Constatei isso nesta semana, as pessoas se revelam... Por um lado é positivo, por outro é muito estanque... Por que não somos espontâneos a vida toda?!

"Nunca diga "te amo" se não te interessa. Nunca fale sobre sentimentos se estes não existem. Nunca toque numa vida se não pretende romper um coração. Nunca olhe nos olhos de alguém se não quiser vê-lo se derramar em lágrimas por causa de ti. A coisa mais cruel que alguém pode fazer é permitir que alguém se apaixone por você quando você não pretende fazer o mesmo."
(Mario Quintana)

Isso é muito sério mesmo! Sem querer julgar, mas vejo às vezes, alguns casais que banalizaram mesmo o "te amo". Dizem sem sentir... Fiquei pensando o quanto demorei a dizer "te amo", poucas pessoas ouviram de mim.
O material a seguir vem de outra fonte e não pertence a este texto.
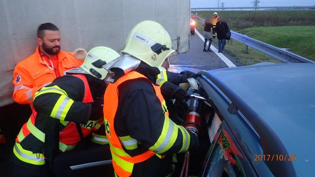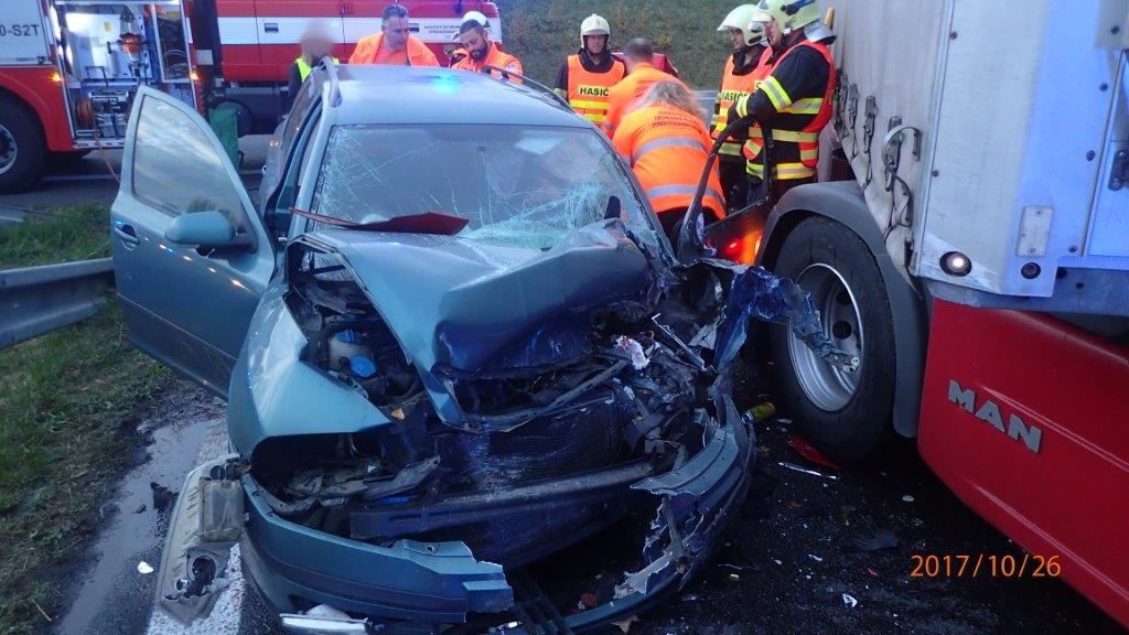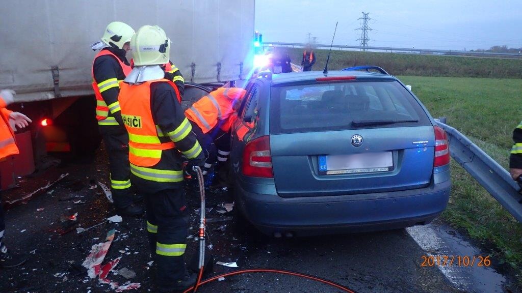 Krátce před půl osmou byla ve čtvrtek 26. října2017 oznámena na Krajské informační a operační středisko Hasičského záchranného sboru Středočeského kraje dopravní nehoda osobního vozidla a kamionu na silnici číslo 12 před Kolínem ve směru od Prahy.

"Esses que puxam conversa sobre se chove ou não chove - não poderão ir para o Céu! Lá faz sempre bom tempo..."(Mario Quintana)

Amei essa frase, hoje que está chovendo então...

17 de setembro de 2007

Opinião dos outros....

Neste final de semana conversamos muito sobre o estilo de vida e as opções que algumas pessoas de nossa família e amigos fizeram...

Após pensar e falar algumas coisas eu me perguntei o seguinte, será que importa a nossa opinião??!!

Você se importa com a opinião que os outros têm a seu respeito?

Temos conhecidos que sofrem se não tiverem uma opinião alheia, parece que necessitam de uma confirmação pra realizar coisas!
No entanto, se a opinião dos outros sobre você é decisiva, vamos pensar um pouco sobre o quanto isso pode lhe ser prejudicial.
O primeiro sintoma de alguém que está sob o jugo da opinião alheia, é a dependência de elogios.
Se ninguém disser que o seu cabelo, a sua roupa, ou outro detalhe qualquer está bem, a pessoa não se sente segura.
Se alguém lhe diz que está com aparência de doente, a pessoa se sente amolentada e logo procura um médico.
Se ouve alguém dizer que está gorda, desesperadamente tenta diminuir peso.
Mas se disserem que é bonita, inteligente, esperta, ela também acredita.
Se lhe dizem que é feia, a pessoa se desespera. Principalmente se não tem condições de reparar a suposta feiúra com cirurgia plástica!!!
Existem pessoas que ficam o tempo todo à procura de alguém que lhes diga algo que as faça se sentir seguras, mesmo que esse alguém não as conheça bem.
Há pessoas que dependem da opinião alheia e se infelicitam na tentativa de agradar sempre.
São mulheres que aumentam ou diminuem seios, lábios, bochechas, nariz, para agradar seu pretendido. Como se isso fosse garantir o seu amor.
São homens que fazem implante de cabelo, modificam dentes, queixo, nariz, malham até à exaustão, para impressionar a sua eleita.
E, quando essas pessoas, inseguras e dependentes, não encontram ninguém que as elogie, que lhes diga o que desejam ouvir, se infelicitam e, não raro, caem em depressão.
Não se dão conta de que a opinião dos outros é superficial e leviana, pois geralmente não conhecem as pessoas das quais falam.
Não acredite em tudo o que falam a seu respeito. Não se deixe impressionar com falsos elogios, nem com críticas infundadas.
Seja você. Descubra o que tem de bom em sua intimidade e valorize-se. Ninguém melhor do que você para saber o que se passa na sua alma.
Procure estar bem com a sua consciência, sem neurose de querer agradar os outros, pois os outros nem sempre dão valor aos seus esforços.
A meditação é excelente ferramenta de auto-ajuda. Mergulhar nas profundezas da própria alma em busca de si mesmo é arte que merece atenção e dedicação.
Quando a pessoa se conhece, podem emitir dela as opiniões mais contraditórias que ela não se deixa impressionar, nem iludir, pois sabe da sua realidade.
Nesses dias em que as mídias tentam criar protótipos de beleza física, e enaltecer a juventude do corpo como único bem que merece investimento, não se deixe iludir.
Você vale pelo que é, e não pelo que tem ou aparenta ser.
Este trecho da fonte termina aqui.